I hoped and wished the entire trip to the hospital that I would not have to fill out the application there.  Yeah!  I was allowed to take it with me, plus one "for a friend," and supposedly I can mail it back.  I see this place as great for per diem work- as long as the advertised high rate is what I actually get.  I think the regular, full-time salary is what I currently get, so I don't see the point of jumping from the pan into the fire.

Division of Labor

I just don't know what to do.

Another bad day.  Well, nobody was hurt, in spite of some stupid antics.  The day started when I had to wait to punch in while Queen Bee in front of me took forever.  I soon discovered why:  she had a stack of cards in her hands and was punching in multiple people.  Had I realized earlier, I would have taken a video.  Probably would not have mattered anyway.

The work kept piling in and piling in.  My partner nurse declared early on, "I'm only here to do meds."  Whenever I asked her to do anything else, her response was, "That's too much for one person."  Exactly!  That is why I, who is only one person, needed her to help out.  She flat out refused.  She told me, "Put in a short-staffing form."  For what?  Been there, done that.  The form does not make a bunch of useful nurses appear instantaneously.  What the form does is anger administration.  Once I got a call back from the investigative agency from the State.  The woman said she's never heard of the hospital.  I gave her other possible wordings of the name, the address, names of officers; she still denied that the hospital existed and asked if this was a joke.

The attendants have become more emboldened after the recent fiasco when I lost to an attendant who complained about the unfair workload (as if I created it) heaped onto him alone (even though others also had assignments and he didn't do the assigned work anyway).  I didn't create the work and I didn't decide how few people of such little quality work on the ward.

The attendants refused most of their assignments as well and told me, "Tell the other nurse to do some work.  If she's not doing anything, then we aren't either."  As the day wore on, several attendants told me, "It's your fault for letting people get away with it."

I told the supervisor throughout the day that the work was too much and nobody was helping.  She reminded me, "We've had this discussion before.  You need to learn to get along with your coworkers."  I tried the angle that my lack of a personal relationship with my coworkers should not be a valid excuse for them refusing to do any work.  The supervisor emphasized that there was "a lack of teamwork" and that I was the cause of this lack.
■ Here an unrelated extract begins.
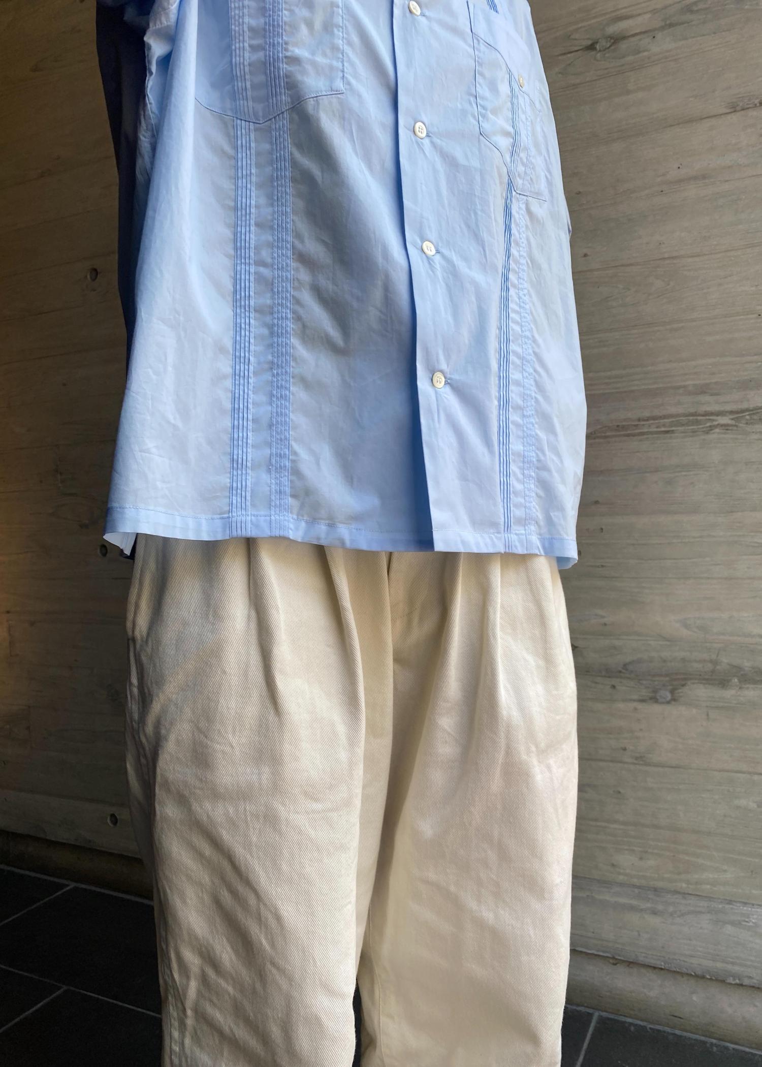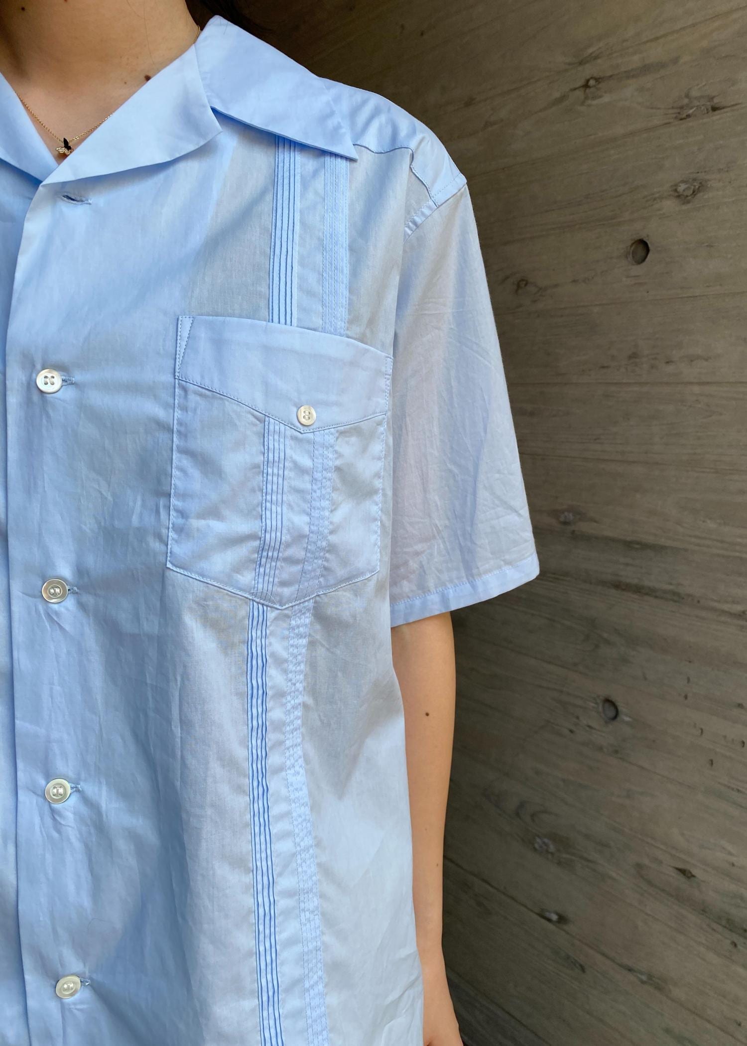 クラシックなキューバシャツから着想を得た、タックデザインが特徴的なオープンカラーシャツです。

The patients destroyed the ward.  Broken glass.  (Yes, there are/were glass panels along some doors.)  There was some kind of game where chairs were stacked and the ceiling tiles were punched out.  The flimsy chairs also broke in the limbering towers.  Another game involved throwing objects at the cameras until the lenses shattered.  The attendants watched.  "We aren't allowed to tell the patients what to do," was the explanation.  They can tell the nurse what to do, but not the patients.  I kept tossing all the broken stuff into a back hallway.  The supervisor kept demanding incident reports.  I couldn't keep up with the nursing notes for the charts and the administrative reports of damaged property, so the property reports did not all get written.  It's called prioritizing.  Patient safety is my number one priority, but it seems that the supervisor simultaneously wants my coworkers' elusive happiness and redundant paperwork to be my first priority.

Once home, I tried vodka, klonopin, exercise, chatting with friends- nothing worked.  So I called out for tomorrow.  Queen Bee's husband answered the phone- he was supervisor this evening- so there is a risk that he will deny that I called out.